Scritti dal carcere. Poesie e prose, Bobby Sands, (a cura di Riccardo Michelucci e Enrico Terrinoni), Edizioni Paginauno, 270 pagg., 18,00 euro
Con la prefazione di Gerry Adams e per la prima volta in italiano, le poesie e le pagine di prosa inedite scritte da Bobby Sands durante la sua carcerazione nei Blocchi H di Long Kesh, in Irlanda del Nord, tra il 1976 e il 5 maggio 1981, quando morì dopo 66 giorni di sciopero della fame. Oltre novanta pagine di versi (40 componimenti) e più di cinquanta pagine di brani in prosa che il rivoluzionario irlandese, morto a 27 anni in protesta contro il regime di detenzione imposto dal governo britannico, compose scrivendo su carta igienica e cartine di sigarette.
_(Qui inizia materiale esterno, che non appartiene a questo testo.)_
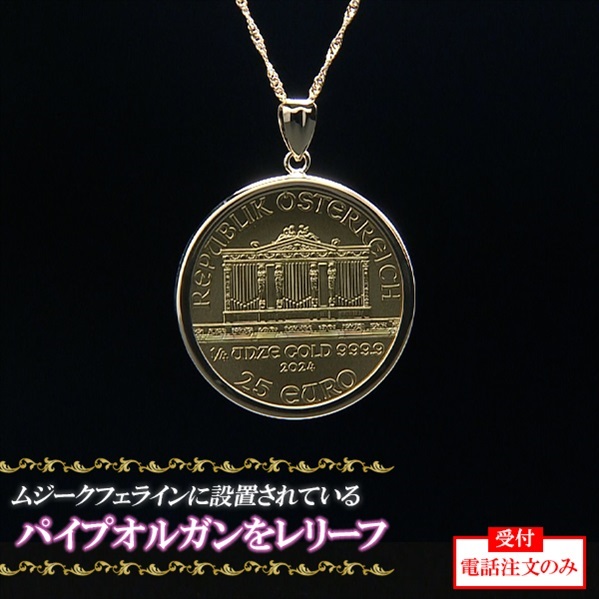 純金ウィーンフィルハーモニーコインペンダントヘッド 1/2oz ※電話注文のみ受付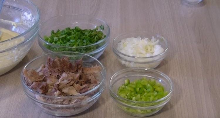 - Įdarui mums reikia 400 g virtos mėsos. Rekomenduojama jį virinti dieną prieš tai pasūdytame vandenyje, atvėsinti. Savo nuožiūra galite naudoti bet kokią mėsą. Aš naudojau liesą kiaulieną. Mėsą supjaustykite mažais gabalėliais. Jei norite, galite pridėti šiek tiek druskos ir pipirų.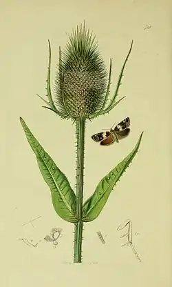 | An illustration from British Entomology by John Curtis. Lepidoptera: Zeiraphera hastiana or Olindia schumacherana | |
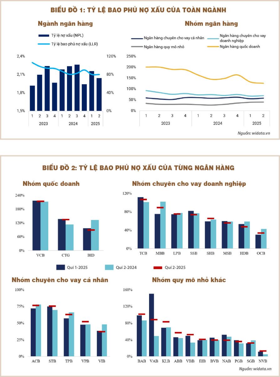 Nhóm ngân hàng quy mô nhỏ lại cho thấy những diễn biến tích cực ở phần lớn các ngân hàng khi các ngân hàng đều chủ động gia tăng bộ đệm dự phòng trong năm 2025. BAB là một ví dụ nổi bật với mức tăng đột biến từ 86,1% (quí 2-2024) lên 101,1% (quí 2-2025), phản ánh sự tích cực trong việc xử lý nợ xấu và củng cố bộ đệm. Ngân hàng có tỷ lệ LLR thấp nhất nhóm là NVB cũng đã tăng mạnh bộ đệm trong quí 2, nhờ vào việc đẩy mạnh trích lập dự phòng (tăng 114,54%) và đồng thời xử lý nợ xấu một cách hiệu quả (quy mô nợ xấu giảm 56,48%). Tuy nhiên, không phải tất cả đều thuận lợi. NAB chứng kiến sự sụt giảm mạnh nhất trong nhóm, từ 47,2% (quí 2-2024) xuống 39% (quí 2-2025). Mức giảm này phản ánh những khó khăn mà NAB đang phải đối mặt, khi tỷ lệ nợ xấu tại cuối quí 2 đã tăng lên 2,85% so với 2,57% của cùng kỳ.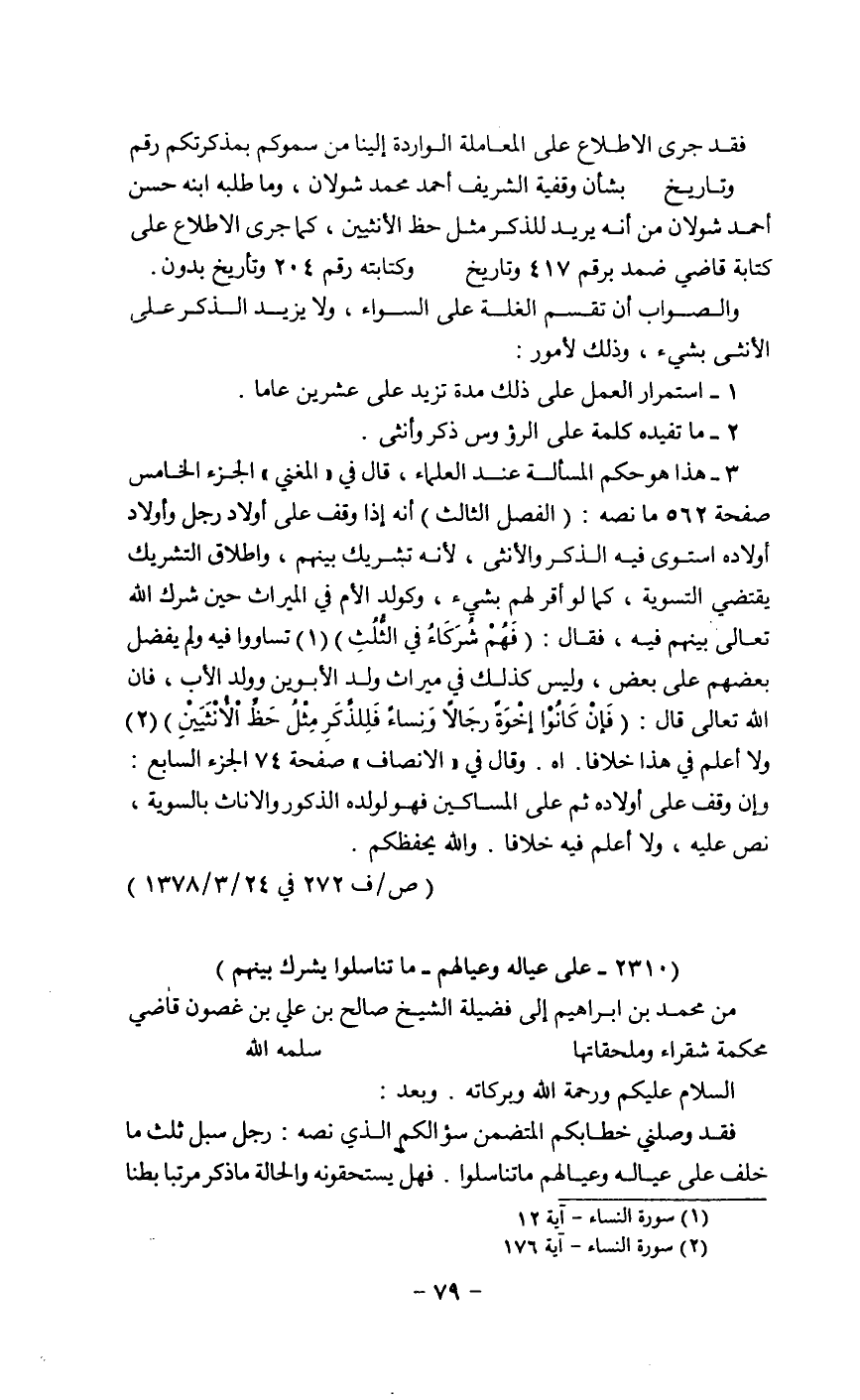 فقد جرى الاطلاع على المعاملة الواردة إلينا من سموكم بمذكرتكم رقم وتاريخ بشأن وقفية الشريف أحمد محمد شولان، وماطلبه ابنه حسن احمد شولان من أنه يويد للذكر مثل حظ الانثيين، كما جرى الاطلاع على كتابة قاضي ضمد برقم 417 وتاريخ وكتابته رقم 204 وتاريخ بدون والصواب أن تقسم الغلة على السواء، ولايزيد الذكر على الأنثى بشيء، وذلك لأمور: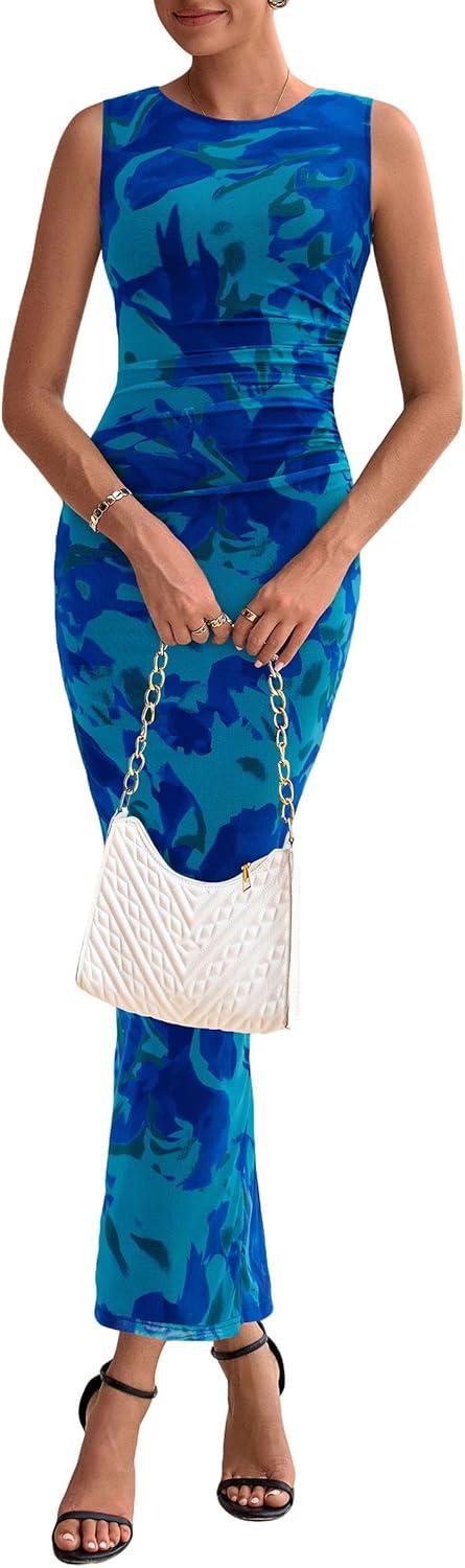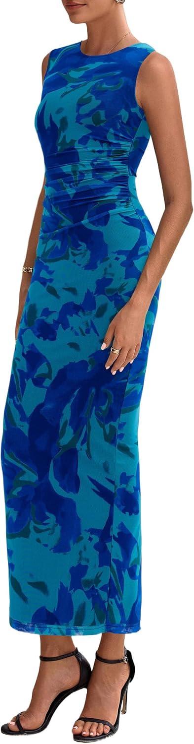 PRETTYGARDEN Wedding Guest Dresses for Women 2025 Summer Spring Floral Bodycon Sleeveless Mesh Maxi Long Dress(Green Blue Flower)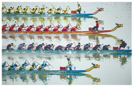 龙船进入最后冲刺,夺取红标——红标多用红布,即彩头。龙船靠近江边的一刹那,擂鼓的更是把鼓击成雨点,然后提锣紧筛(急打),站头的借了龙船的惯性,奋力一跃,跳上河岸,飞奔而去,夺取红标。谁取得红标,便是第一,便是胜利。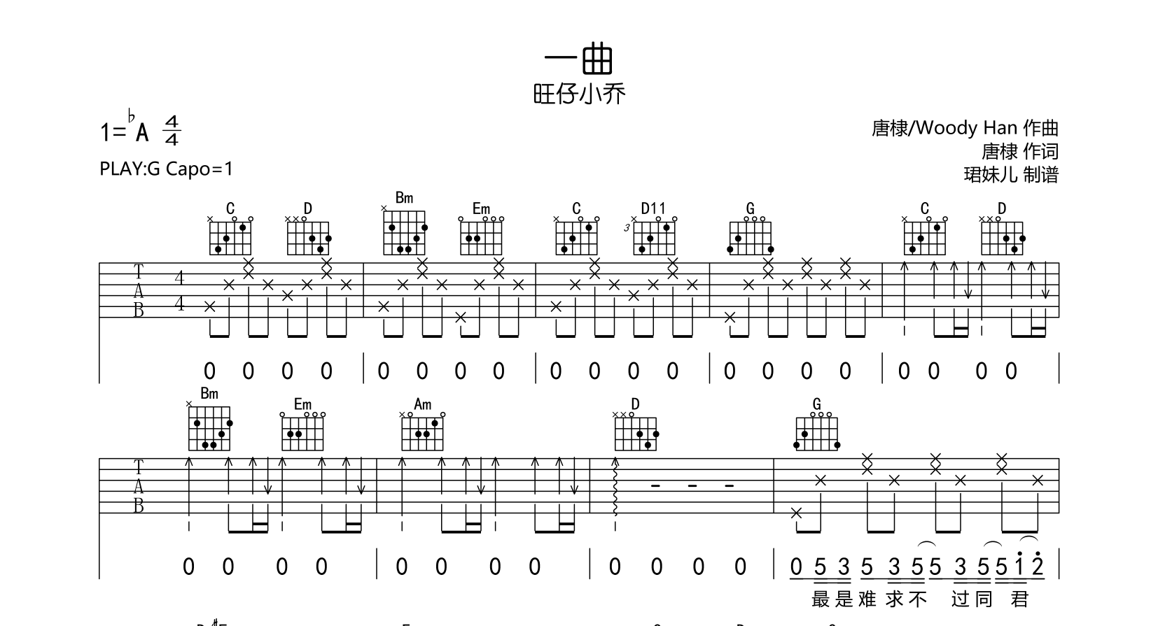 曲谱介绍: 旺仔小乔《一曲》吉他谱,由@珺妹儿制谱,《一曲》吉他弹唱谱,共三张图片谱,本谱采用G调指法编配,原调bA,弹唱建议变调夹1品,速度85BPM,节奏4/4拍,难度较简单,易上手。
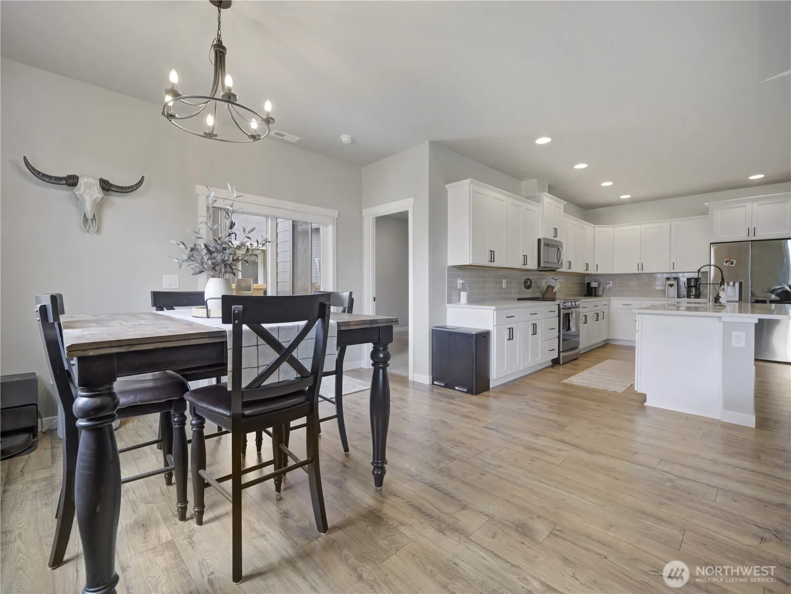 This beautifully 4-bed, 2-bath rambler offers the perfect blend of comfort, style, and functionality all on a generous, fully fenced lot. Step inside to an open-concept layout that seamlessly connects the living, dining, and kitchen areas—ideal for both everyday living and entertaining.The modern kitchen is a chef’s dream, featuring sleek quartz countertops, stainless steel appliances, and ample cabinetry. Relax in the spacious living area or step outside to enjoy the covered patio and professionally landscaped backyard, complete with an in-ground sprinkler system for easy maintenance. Energy efficiency meets convenience with a high-performance heat pump and an installed EV charger, making this home as smart as it is stylish. NO HOA.
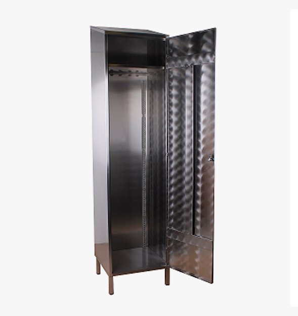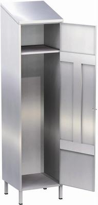 AISI 304, adjustable plastic feet, slanted roof, bolt lock with key, with shelf.
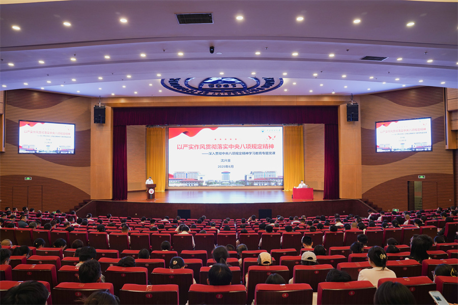 为深入贯彻中央八项规定精神学习教育要求,持续深化作风建设,推动贯彻落实中央八项规定精神在校园落地生根,6月30日下午,校党委书记沈兴全在明向校区学生活动中心一层报告厅讲授深入贯彻中央八项规定精神学习教育专题党课。校领导、全校中层干部、机关干部职工、学生党员代表及所联系党支部全体党员参加专题党课。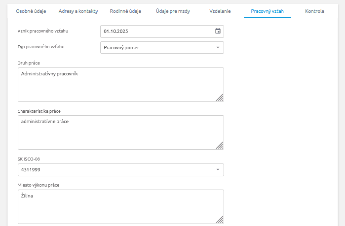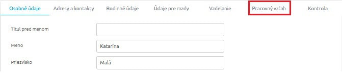 Zamestnanec pri vypĺňaní osobného dotazníka záložku o pracovnom vzťahu nevidí. Záložka Pracovný vzťah sa zobrazí až v aplikácii personalistovi alebo mzdárovi v prijatom dotazníku od zamestnanca, kde v nej vyplní údaje o pracovnom vzťahu ešte pred jeho samotným schválením.

L’amore per la libertà, l’attaccamento alla propria terra, il carisma, l’attenzione per i compagni, la passione per letteratura, storia e ornitologia: Bobby Sands rivela nei suoi testi non solo la tenacia di un ribelle acuto e inflessibile ma anche una straordinaria sensibilità umana e poetica, una capacità di trascendere e muoversi abilmente su diversi piani, oltre al senso morale altissimo che lo porterà in assoluta consapevolezza a scegliere di morire.
L’alba sepolta, Valentina Ricci, Edizioni Paginauno, 152 pagg., 19,00 euro
“Ancora appoggiato alla ringhiera, Davide resta solo a osservare la linea dell’orizzonte, dove i palazzi si moltiplicano tragicamente, e più in là dove la città lascia spazio alle montagne e poi ancora avanti fino ad arrivare a un’altra città e ad altre montagne. Spinge in là il sogno con tutte le sue forze ma sorprendentemente lo scenario si ripete, sempre uguale a se stesso. Niente disegni nel cielo per lui, né dettagli di un futuro radioso. Per la prima volta, la storia dei suoi successi gli scorre davanti agli occhi senza suscitare in lui alcuna emozione.” Davide è bello, bellissimo, un’opera d’arte. Ha diciannove anni e il mondo è suo. A scuola lo conoscono tutti, i compagni di squadra lo applaudono, le ragazze se lo contendono, ignare dell’amaro finale che le attende. Dentro casa, però, è un’altra storia: il padre, cardiologo e ricercatore di fama, è spesso in viaggio e perennemente evasivo, tanto che il giovane, per uscire dall’ombra, è deciso a diventare anch’egli medico. Ma l’incontro con la sfuggente Karin lo condurrà in un’inaspettata quanto ripida discesa nei bassifondi dell’anima, faccia a faccia con il drammatico vuoto che da sempre lo attanaglia. Lì ad attenderlo, sepolta nel mare calmo di memorie ormai vaghissime, l’ultima alba della sua vita precedente, quando gli altri, ancora, non se n’erano andati.
L’uomo nel mezzo, Alessandra Patriarca, Edizioni Paginauno, 192 pagg., 20,00 euro
“Non si dispiaceva per la sua vita perché l’aveva voluta così, era la sua vita, e se non c’era nessuno ad aspettarlo la sera e una tavola apparecchiata e le polpette col sugo da riscaldare, e nessuna telefonata della buona notte, né un ragazzino un po’ monello ma simpatico a cui chiedere la lezione del giorno dopo, se non aveva la foto ricordo delle vacanze in campeggio o del diploma della quinta C o del torneo di tennis, era semplicemente perché lui il giorno della foto ricordo non si presentava mai.” Alla vigilia dei quarant’anni Luca è un uomo sicuro di sé: piacevole, benvoluto, attraente. Ha un lavoro che lo appassiona nel mondo dell’arte, una vita ricca di interessi e amici; nessun rimorso, nessun rimpianto. Dunque, chi gli ha spedito quella maglietta color salmone? Mentre cerca di venire a capo di questo mistero, Luca si muove in una Milano contemporanea e fremente, che gli appare talvolta più torbida e oscura, tal altra quasi benigna.